◆ **What to do**:
Retype, word for word, every line of the records below starting at the one that contains "Interactive Cat Teaser" and ending at the one that contains "и заполнить форму."; include both of those lines and nothing more.

◆ **Entries provided**:
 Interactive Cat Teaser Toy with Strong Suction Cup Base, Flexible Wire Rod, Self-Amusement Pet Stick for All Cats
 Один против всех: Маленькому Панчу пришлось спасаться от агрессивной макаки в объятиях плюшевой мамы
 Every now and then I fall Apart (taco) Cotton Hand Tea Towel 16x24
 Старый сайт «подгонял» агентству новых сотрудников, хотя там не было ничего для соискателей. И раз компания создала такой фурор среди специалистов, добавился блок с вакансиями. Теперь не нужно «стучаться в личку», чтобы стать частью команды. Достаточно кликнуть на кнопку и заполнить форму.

==

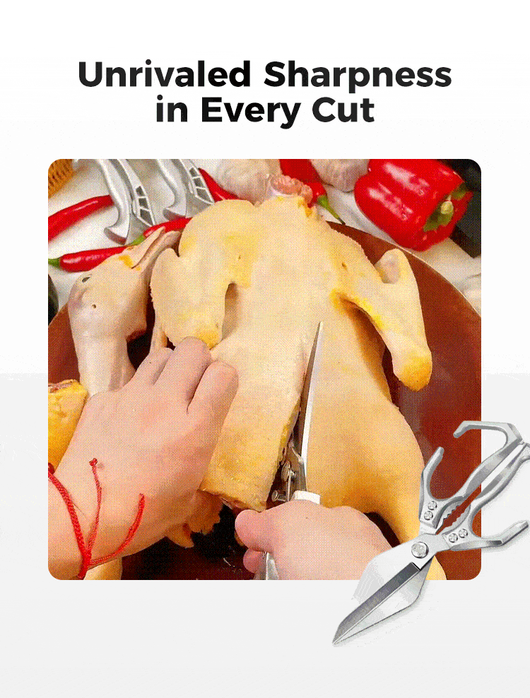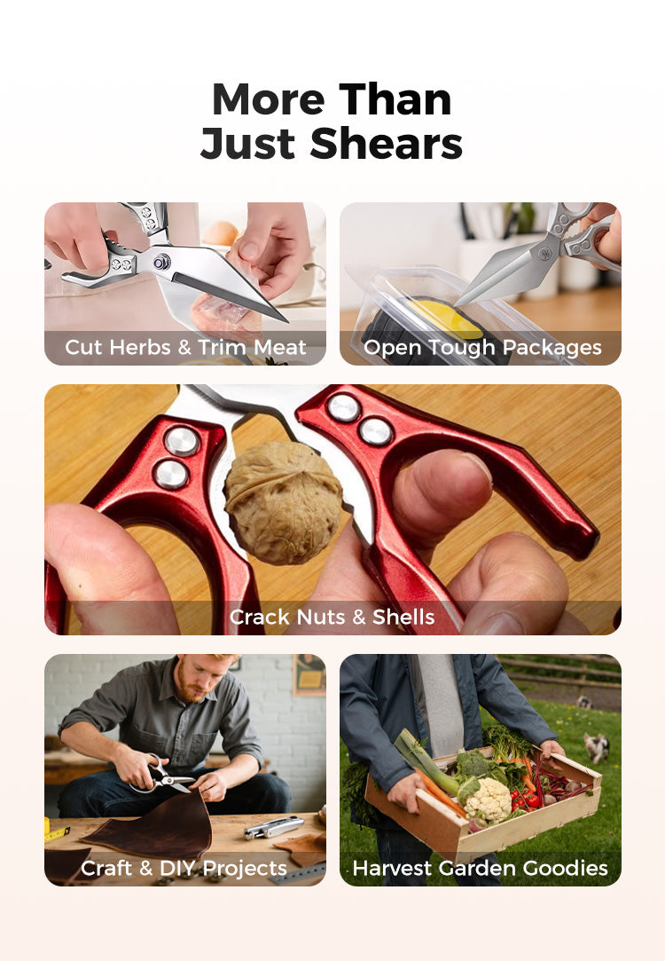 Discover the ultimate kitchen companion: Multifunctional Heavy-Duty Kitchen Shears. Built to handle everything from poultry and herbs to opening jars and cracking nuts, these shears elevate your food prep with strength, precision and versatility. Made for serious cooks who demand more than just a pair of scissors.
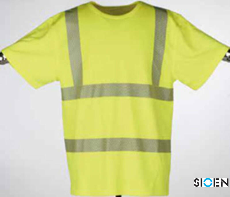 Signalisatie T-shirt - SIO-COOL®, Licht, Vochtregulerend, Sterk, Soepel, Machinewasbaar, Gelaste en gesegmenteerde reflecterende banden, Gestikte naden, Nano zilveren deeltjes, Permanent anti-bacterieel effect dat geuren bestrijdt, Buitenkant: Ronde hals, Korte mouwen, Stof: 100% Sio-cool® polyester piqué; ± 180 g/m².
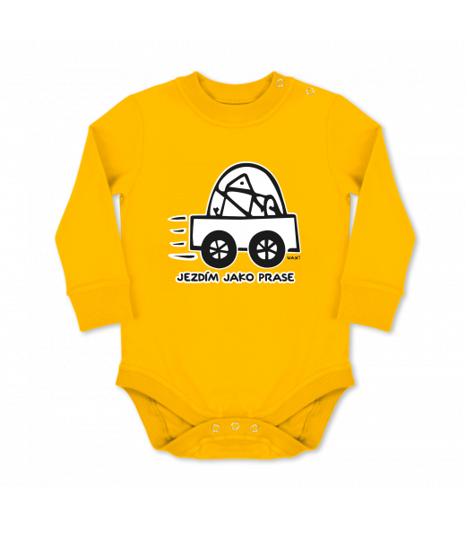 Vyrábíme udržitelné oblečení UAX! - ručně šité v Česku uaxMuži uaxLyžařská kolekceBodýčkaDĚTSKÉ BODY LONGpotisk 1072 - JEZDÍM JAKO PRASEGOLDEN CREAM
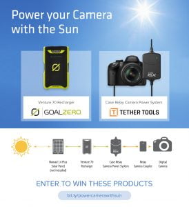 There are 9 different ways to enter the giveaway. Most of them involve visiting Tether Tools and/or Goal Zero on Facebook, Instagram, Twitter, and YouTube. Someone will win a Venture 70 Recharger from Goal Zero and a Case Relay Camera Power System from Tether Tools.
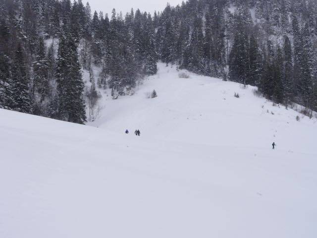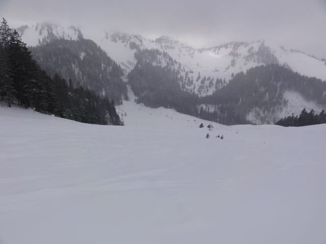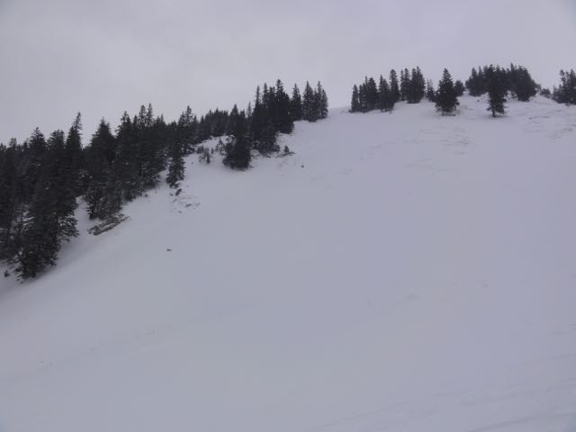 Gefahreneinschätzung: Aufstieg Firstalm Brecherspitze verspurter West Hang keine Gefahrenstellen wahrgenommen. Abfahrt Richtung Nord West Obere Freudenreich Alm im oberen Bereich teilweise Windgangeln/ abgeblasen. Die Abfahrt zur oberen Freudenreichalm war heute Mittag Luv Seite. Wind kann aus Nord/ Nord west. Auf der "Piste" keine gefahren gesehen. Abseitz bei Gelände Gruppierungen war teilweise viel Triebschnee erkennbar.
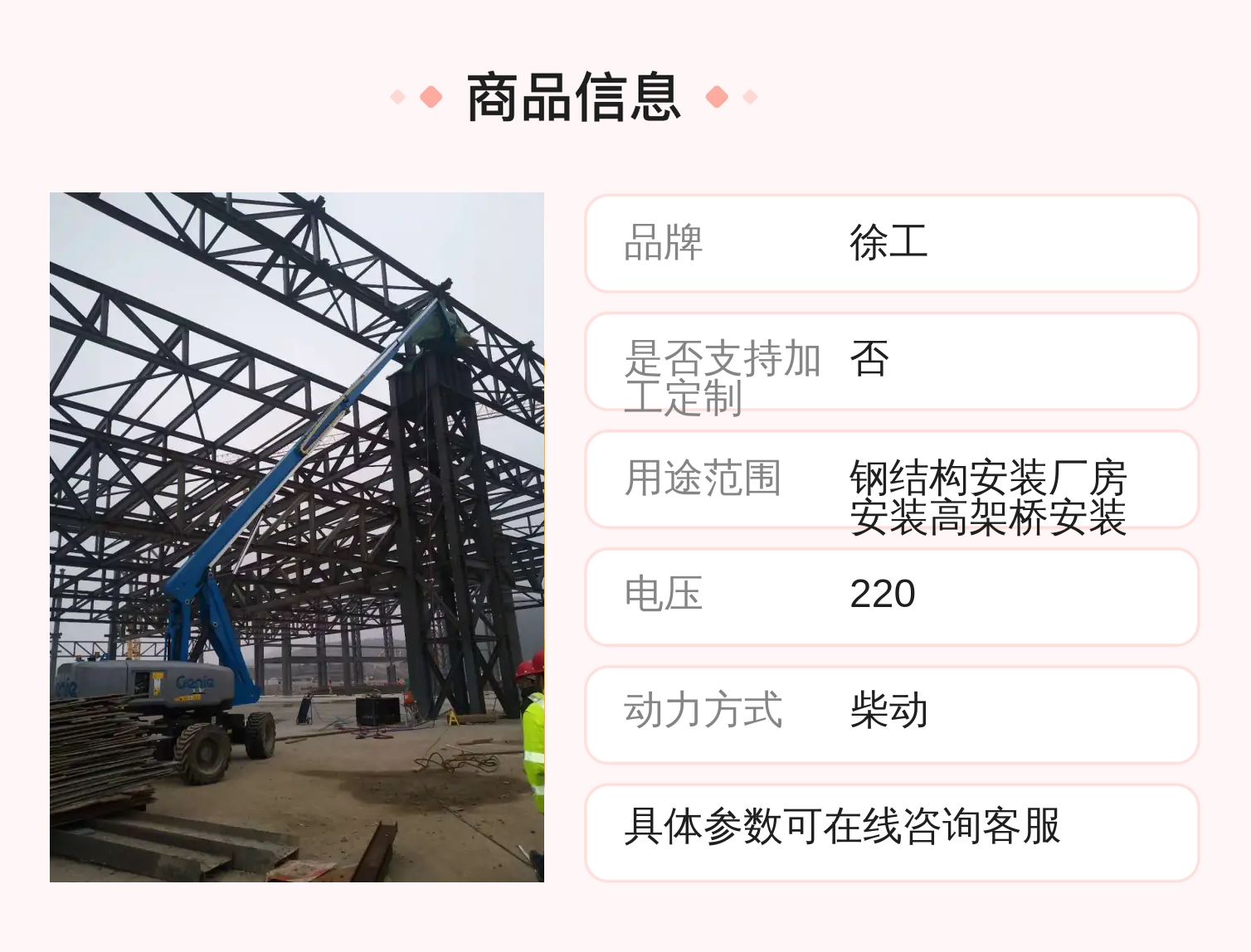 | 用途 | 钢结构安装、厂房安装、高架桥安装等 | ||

◆ **Worked solution**:
 Interactive Cat Teaser Toy with Strong Suction Cup Base, Flexible Wire Rod, Self-Amusement Pet Stick for All Cats
 Один против всех: Маленькому Панчу пришлось спасаться от агрессивной макаки в объятиях плюшевой мамы
 Every now and then I fall Apart (taco) Cotton Hand Tea Towel 16x24
 Старый сайт «подгонял» агентству новых сотрудников, хотя там не было ничего для соискателей. И раз компания создала такой фурор среди специалистов, добавился блок с вакансиями. Теперь не нужно «стучаться в личку», чтобы стать частью команды. Достаточно кликнуть на кнопку и заполнить форму.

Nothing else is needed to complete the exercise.